# Operator Scheduling

## Background

High-level synthesis (HLS) is an important stage in electronic design automation (EDA), aimed at translating a high-level program specification (e.g., written in C/C++ or SystemC) into a cycle-accurate hardware implementation. After the program is parsed and analyzed, it is typically transformed into an intermediate representation known as a Control Data Flow Graph (CDFG). This graph captures the operations (e.g., arithmetic, memory accesses) and their control/data dependencies. The CDFG can further be processed into a Directed Acyclic Graph (DAG) to facilitate scheduling and optimization.

One of the core challenges in HLS is operator scheduling, which determines the exact control step (or cycle) at which each operation is executed, while satisfying data dependencies and resource constraints. Efficient scheduling plays a critical role in optimizing design quality in terms of performance, area, and power.

## Formalization

Consider a CDFG with $n$ operation nodes $o_i$, where $i \in O = \{1, 2, \ldots, n\}$, and a precedence relation $\prec$ on $O$ that captures operation dependencies. Each operation $o_i$ is associated with a cycle delay $d_i \in \mathbb{Z}^+$ and a resource type $r_i \in R = \{1, 2, \ldots, k\}$. Let $T = \{0, 1, 2, \ldots, L\}$ represent the set of control steps (c-steps), and define a schedule as an $n$-tuple $s = (t_1, t_2, \ldots, t_n)$, where $t_i \in T$ denotes the start time (c-step) of operation $o_i$.

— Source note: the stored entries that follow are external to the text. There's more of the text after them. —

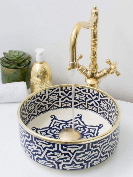 Juzcar - Blaues runde Waschtisch mit Messingrand - handgefertigtes Keramik -Badezimmerbecken - (ETAT)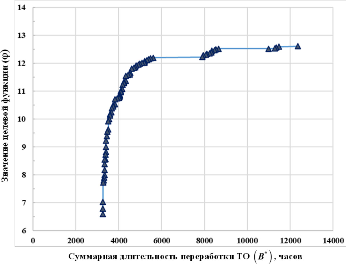 На рис. 2 представлено Парето-оптимальное множество решений сформулированной выше задачи многокритериальной оптимизации системы с целью переработки ТО за минимальное суммарное время работы (16) при максимальном значении критерия (7), полученное c помощью разработанного авторами программного обеспечения [22].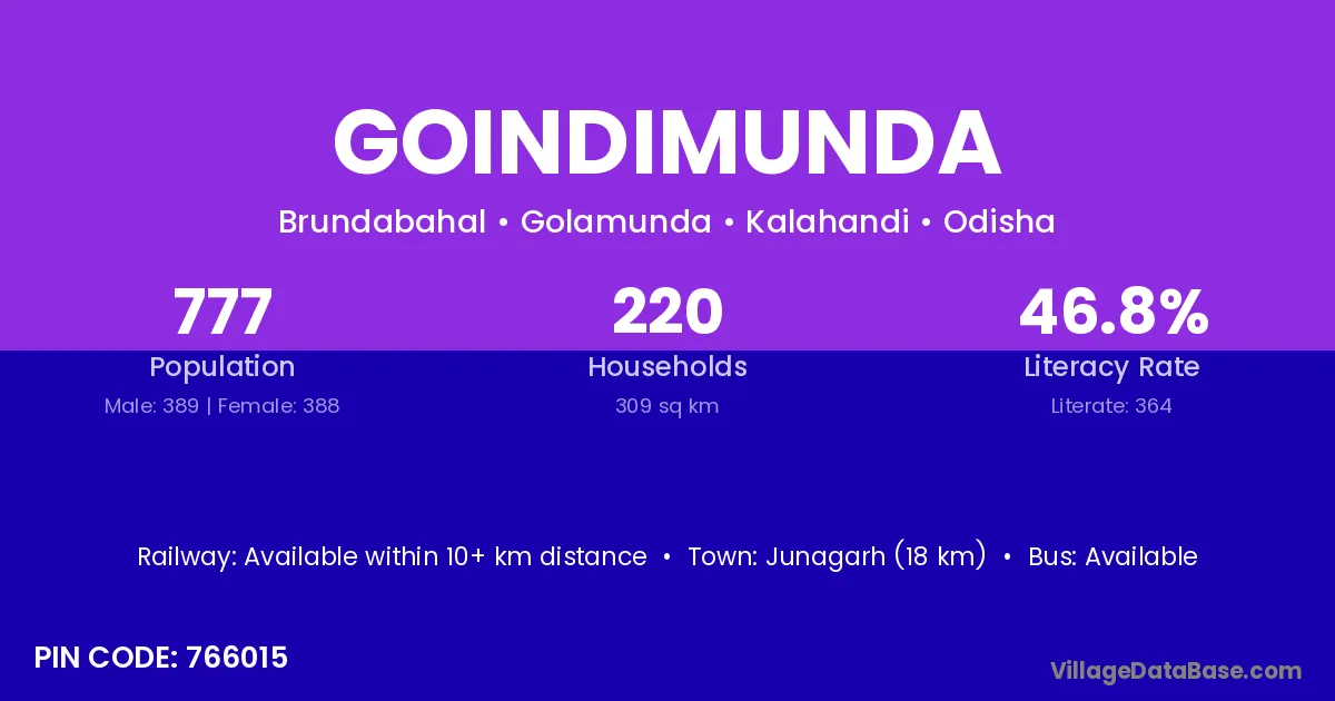 Goindimunda village has a total population of 777 people, of which 389 are males and 388 are females.

A schedule $s$ is feasible if it satisfies all data dependencies:  
$\forall i, j \in O: i \prec j \Rightarrow t_i + d_i \leq t_j$.  
Let $S$ denote the set of all feasible schedules. For a given schedule $s$, let $N_r(t)$ be the number of operations that use resource $r$ in control step $t$, and define the total usage of resource $r$ as $N_r = \sum_{t \in T} N_r(t)$.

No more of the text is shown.